Regione Lombardia licenzia Equitalia

Lombardia

Milano 14 Settembre – “Oggi la  Regione Lombardia ha licenziato Equitalia. Come avevamo promesso. Siamo la prima Regione a farlo. Nella seduta odierna la giunta ha approvato la proposta dell’assessore Garavaglia di affidare, a partire dal 15 settembre, la riscossione dei tributi di competenza regionale a un nuovo concessionario”. roberto_maroniLo annuncia il presidente della Regione Lombardia Roberto Maroni sul suo profilo Facebook. “Ciò significa riduzione dei costi per la Regione, riduzione delle spese per i contribuenti e, soprattutto, un rapporto con i cittadini e le imprese rispettoso e attento alle esigenze individuali”, conclude.

La seduta della Giunta regionale ha sancito l’avvio del nuovo sistema di riscossione coattiva a partire dal 15 settembre 2016
attraverso il nuovo Concessionario Rti Publiservizi e Duomo GPA, “individuato – spiega una nota di Regione Lombardia – mediante una gara ad evidenza pubblica, su scala europea”. Questo comporterà, per Regione Lombardia, una riduzione dei costi di aggio, che passeranno dall’8% al 5,9%, e per i contribuenti una riduzione delle spese postali. “Viene quindi eliminata – spiega la nota – la cartella esattoriale e introdotta l’ordinanza ingiunzione di pagamento quale strumento per il recupero coattivo delle somme dovute a Regione Lombardia e risultate inevase anche a seguito di comunicazioni informali finalizzate a
regolarizzare la posizione avvalendosi degli istituti giuridici deflattivi del contenzioso (avvisi bonari, ravvedimento operoso)”.
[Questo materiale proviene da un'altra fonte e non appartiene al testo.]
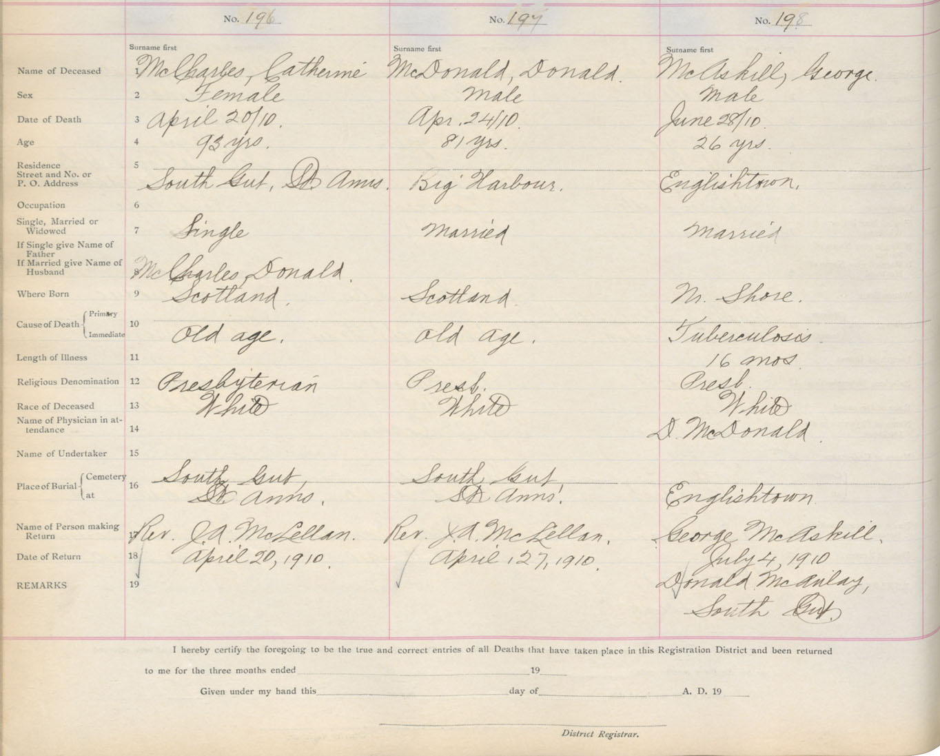 Death Registration: Year: 1910 book: 18 page: 33 number: 198

Congiuntamente all’abbandono di Equitalia, la Regione ha realizzato una campagna di regolarizzazione agevolata, che, anche al fine di creare le condizioni per un’efficace riscossione della tassa automobilistica, ha prodotto una significativa riduzione delle posizioni: la campagna ha permesso di regolarizzare circa 1.000.000 di posizioni relative alla tassa automobilistica. “L’abbandono di Equitalia centra l’obiettivo, perseguito da Giunta e Consiglio regionali, un fisco vicino al cittadino creando un modello di fiscalità regionale più vicina al contribuente, che nel rispetto delle normative vigenti, viene valorizzato primariamente in quanto cittadino”. (Liberoquotidiano)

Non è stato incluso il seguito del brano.